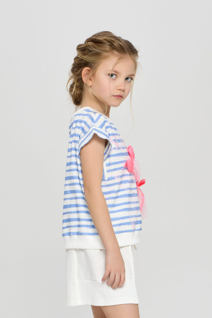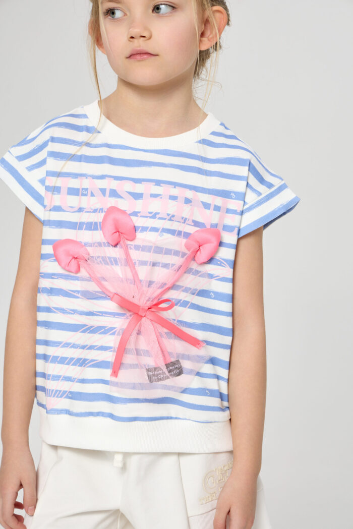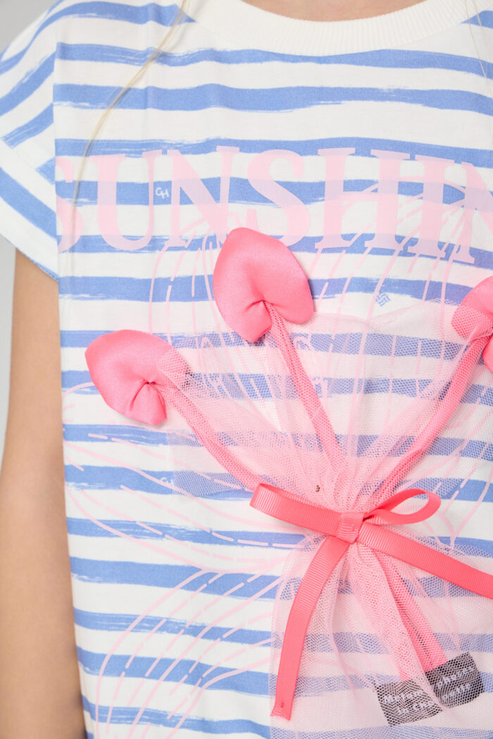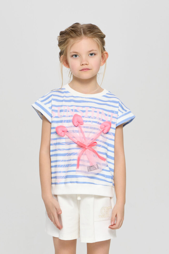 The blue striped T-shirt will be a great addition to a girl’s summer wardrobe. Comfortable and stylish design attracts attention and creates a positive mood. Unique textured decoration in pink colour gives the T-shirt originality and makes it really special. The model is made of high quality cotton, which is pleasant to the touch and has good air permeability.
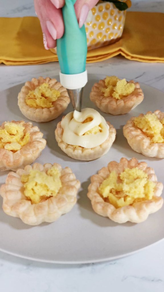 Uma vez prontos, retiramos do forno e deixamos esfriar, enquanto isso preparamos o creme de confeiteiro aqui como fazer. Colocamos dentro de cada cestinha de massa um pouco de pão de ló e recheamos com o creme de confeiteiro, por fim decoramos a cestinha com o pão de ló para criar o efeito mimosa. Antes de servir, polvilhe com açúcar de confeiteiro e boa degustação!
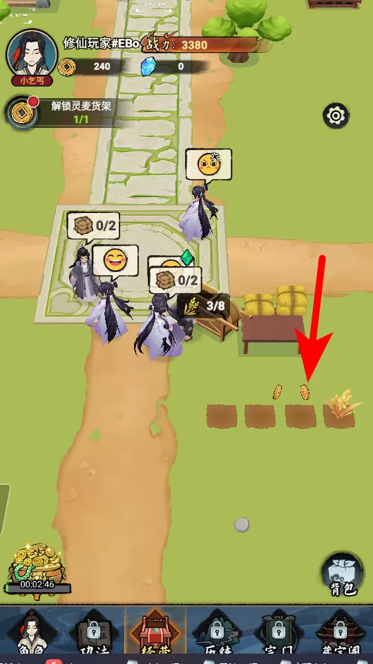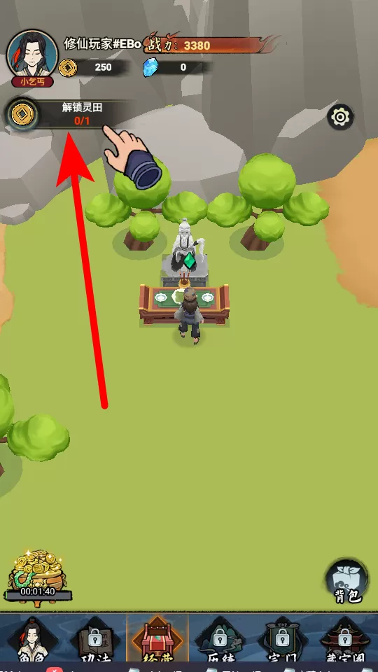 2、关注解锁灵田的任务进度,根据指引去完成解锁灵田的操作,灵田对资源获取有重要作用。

= = = =

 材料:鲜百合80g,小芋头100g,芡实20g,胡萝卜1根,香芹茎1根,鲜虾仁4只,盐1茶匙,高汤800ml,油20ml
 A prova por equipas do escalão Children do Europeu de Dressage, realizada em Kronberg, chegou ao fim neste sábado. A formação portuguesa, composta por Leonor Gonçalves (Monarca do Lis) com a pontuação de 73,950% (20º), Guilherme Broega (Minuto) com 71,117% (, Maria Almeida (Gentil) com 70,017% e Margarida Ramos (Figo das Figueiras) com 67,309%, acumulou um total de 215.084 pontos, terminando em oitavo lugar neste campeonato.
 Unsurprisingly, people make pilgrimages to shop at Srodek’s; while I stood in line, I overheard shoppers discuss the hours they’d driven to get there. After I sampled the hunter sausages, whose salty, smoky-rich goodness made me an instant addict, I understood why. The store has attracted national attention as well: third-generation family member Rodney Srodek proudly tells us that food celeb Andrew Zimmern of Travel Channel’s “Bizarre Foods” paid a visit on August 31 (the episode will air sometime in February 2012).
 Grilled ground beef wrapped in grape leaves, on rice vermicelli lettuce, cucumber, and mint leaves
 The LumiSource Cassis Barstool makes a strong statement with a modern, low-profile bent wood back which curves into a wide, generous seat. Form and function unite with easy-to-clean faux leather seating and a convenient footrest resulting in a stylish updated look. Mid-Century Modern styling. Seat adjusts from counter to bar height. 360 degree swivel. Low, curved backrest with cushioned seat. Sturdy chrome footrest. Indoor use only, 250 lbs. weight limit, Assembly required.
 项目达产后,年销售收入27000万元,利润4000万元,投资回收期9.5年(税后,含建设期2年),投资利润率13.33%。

= = = =

**THE TASK:**
Extract from the records above the lines from the one containing "材料:鲜百合80g,小芋头1" to the one containing "项目达产后,年销售收入270", both lines included, exactly as they appear and with nothing else.

**SOLUTION FOR THIS EXERCISE:**
 材料:鲜百合80g,小芋头100g,芡实20g,胡萝卜1根,香芹茎1根,鲜虾仁4只,盐1茶匙,高汤800ml,油20ml
 A prova por equipas do escalão Children do Europeu de Dressage, realizada em Kronberg, chegou ao fim neste sábado. A formação portuguesa, composta por Leonor Gonçalves (Monarca do Lis) com a pontuação de 73,950% (20º), Guilherme Broega (Minuto) com 71,117% (, Maria Almeida (Gentil) com 70,017% e Margarida Ramos (Figo das Figueiras) com 67,309%, acumulou um total de 215.084 pontos, terminando em oitavo lugar neste campeonato.
 Unsurprisingly, people make pilgrimages to shop at Srodek’s; while I stood in line, I overheard shoppers discuss the hours they’d driven to get there. After I sampled the hunter sausages, whose salty, smoky-rich goodness made me an instant addict, I understood why. The store has attracted national attention as well: third-generation family member Rodney Srodek proudly tells us that food celeb Andrew Zimmern of Travel Channel’s “Bizarre Foods” paid a visit on August 31 (the episode will air sometime in February 2012).
 Grilled ground beef wrapped in grape leaves, on rice vermicelli lettuce, cucumber, and mint leaves
 The LumiSource Cassis Barstool makes a strong statement with a modern, low-profile bent wood back which curves into a wide, generous seat. Form and function unite with easy-to-clean faux leather seating and a convenient footrest resulting in a stylish updated look. Mid-Century Modern styling. Seat adjusts from counter to bar height. 360 degree swivel. Low, curved backrest with cushioned seat. Sturdy chrome footrest. Indoor use only, 250 lbs. weight limit, Assembly required.
 项目达产后,年销售收入27000万元,利润4000万元,投资回收期9.5年(税后,含建设期2年),投资利润率13.33%。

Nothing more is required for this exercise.